We stood in a glade, the space around us cleared of thorny shrubs and dead trees and dark undergrowth. I swallowed and coughed spittle and blood, and in my short breaths I caught the soapy scent of wild frangipani. I gazed upwards and saw a white-filled sky.
“We’re in your garden,” I said.
He started to sing his song. I pressed my ear to his chest and heard the song hum softly. It spread itself out to sea, drifting thinly over the waves.
Part Three. PETER
THIS PLACE IS the end. Twenty-two rooms occupied by twenty-two near-fossils, little more than a halfway house in the short journey to the cemetery down the road. The constant stench of frying shrimp paste — which, after all these years, I still abhor — wafts through the corridors, mingling with the ever-present bouquet of old-man’s piss. I keep my windows open, even at night. The mosquitoes may suck the life out of me, but when I die I refuse to do so in squalor. The way this place is run, my beautifully dressed corpse would probably remain undiscovered for several days, by which time the aroma of decaying flesh, stale urine, and rancid seafood would be somewhat unappealing in an enclosed space. Naturally, having the shutters open does have its drawbacks — chiefly, that I am exposed to the most horrific of all the crimes ever committed in the long and unpleasant history of this house: the garden. I gasp every time I look at this abomination of nature; even thinking about it makes me shudder. It consists solely of a large, uneven lawn—utterly jejune — bounded by a wire fence, unadorned except for a single, sorry group of sealing-wax palms whose stems have given up the fight to remain red and instead lapsed into a shade of grey, battered into submission by the relentless briny winds. Why are they there? They serve only to obscure the view of the sea from the verandah.

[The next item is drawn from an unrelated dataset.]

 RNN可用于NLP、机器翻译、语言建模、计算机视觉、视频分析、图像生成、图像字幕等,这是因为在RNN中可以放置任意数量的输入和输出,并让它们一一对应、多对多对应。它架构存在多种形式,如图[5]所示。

Every morning I wake up with sunlight pouring in through the floor-length shutters. I look out at this barren waste and I weep.

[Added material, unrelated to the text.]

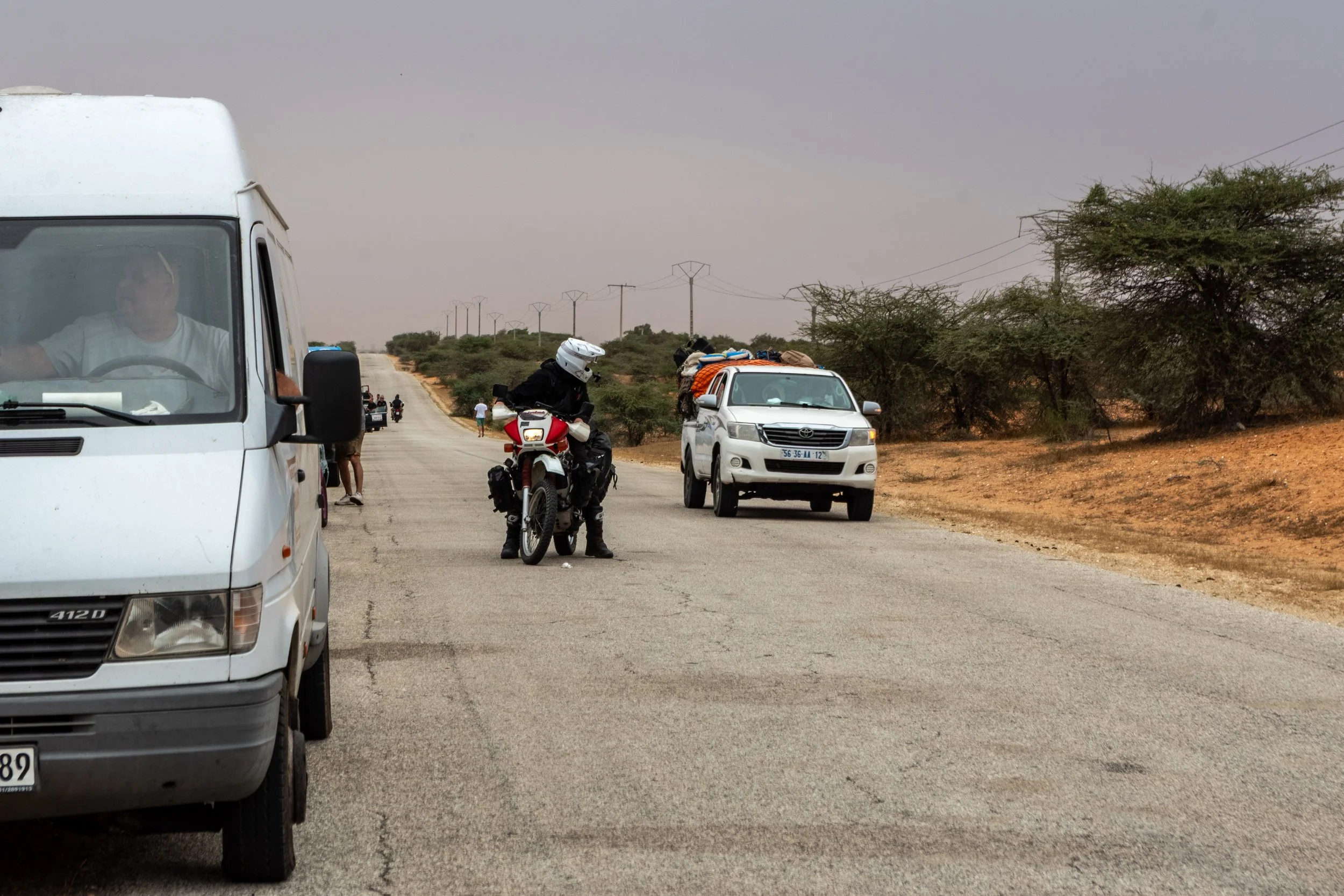 Ohne große Pannen absolvierten wir heute die vorletzte Etappe. Beim Herausfahren aus Nouakchott zeigte sich die Stadt allerdings nicht gerade von ihrer schönsten Seite: Industriebetriebe, viel Müll, noch mehr Armut und zahlreiche alte Fahrzeuge. Man glaubt kaum, in welchem Zustand sich ein Fahrzeug noch aus eigener Kraft fortbewegen kann.

This is the price I have to pay.
Of course the other old boys think I’m completely eccentric in exposing myself to the elements. Sometimes, even the most senile idiot will try, patronisingly, to convince me that it is better to close the windows, as this will keep out the rain and the insects — as if I’ve lost my marbles (hah!) and don’t know what I’m doing. Obviously, I’m not remotely perturbed by this, seeing as I’m already known as the Mad English Devil, an epithet from which I am unlikely to be disassociated even if I do concede the issue of the shutters. As a brief aside, I’ve never been entirely certain of the accuracy of the translation of my nickname from the Chinese — I suspect that Alvaro politely edited the fruitier connotations from the original phrase when he translated it for me. He has this poorly conceived notion that I am to be pitied, being the lone foreigner in this place. And so he tells me things which I know to be untrue — compliments people supposedly pay me, words of admiration, always in Chinese, or Malay, or Tamil. Of course, one must take everything he says cum grano salis.

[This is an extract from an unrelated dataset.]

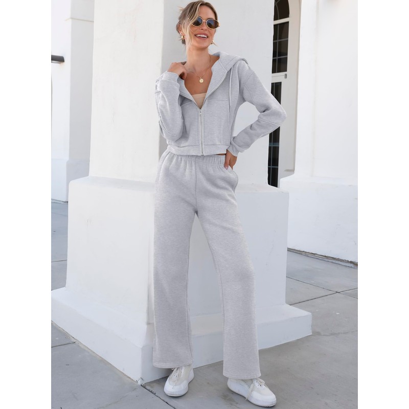- Style - This effortlessly stylish two-piece ensemble not only elevates your look but also pampers your skin and comfort with its luxuriously soft fabric. Featuring zippered hoodies that effortlessly complement other garments, the top and bottom can also be worn independently. Ideal for the winter, fall, and spring seasons.

It’s only reasonable to expect, I hear you cry, that I should have some knowledge of Chinese after all these years, but I don’t. Not a bit. I have always detested the language; I find it so trenchant. And superfluous too, seeing as everyone speaks English — or some form of it — anyway. No, after sixty years of living here, the process of linguistic osmosis hasn’t worked in the way you’d assume. In fact, quite the reverse has happened: I have remained wonderfully impervious to Malay and Chinese, but my English, dear God, has been leached out of me. Some days I can hardly speak. The words don’t follow the sentiments, and recently I have developed the habit of stopping in midsentence. And as for writing, well — this current project is proving to be a real grind, not at all the thrilling adventure I had envisaged.
Still, I persevere.
I do wonder, though, who will thank me when this is finished? Nobody here, certainly, except possibly Alvaro, whose idea it was in the first place — not the idea that the garden should be rearranged (that was undoubtedly mine), but the idea that we, the residents, should ask the Church to make collections in aid of our garden, and that I should be the one to present the new design.
“Oh my dear goodness me,” Alvaro had cried as the idea popped into his thin little head. We had been sitting in the dining room discussing the nonexistent view of the sea, of the grounds, of the spire of St. Francis Xavier through the casuarinas in the distance. Everything was obscured by something, I said, launching into my usual tirade.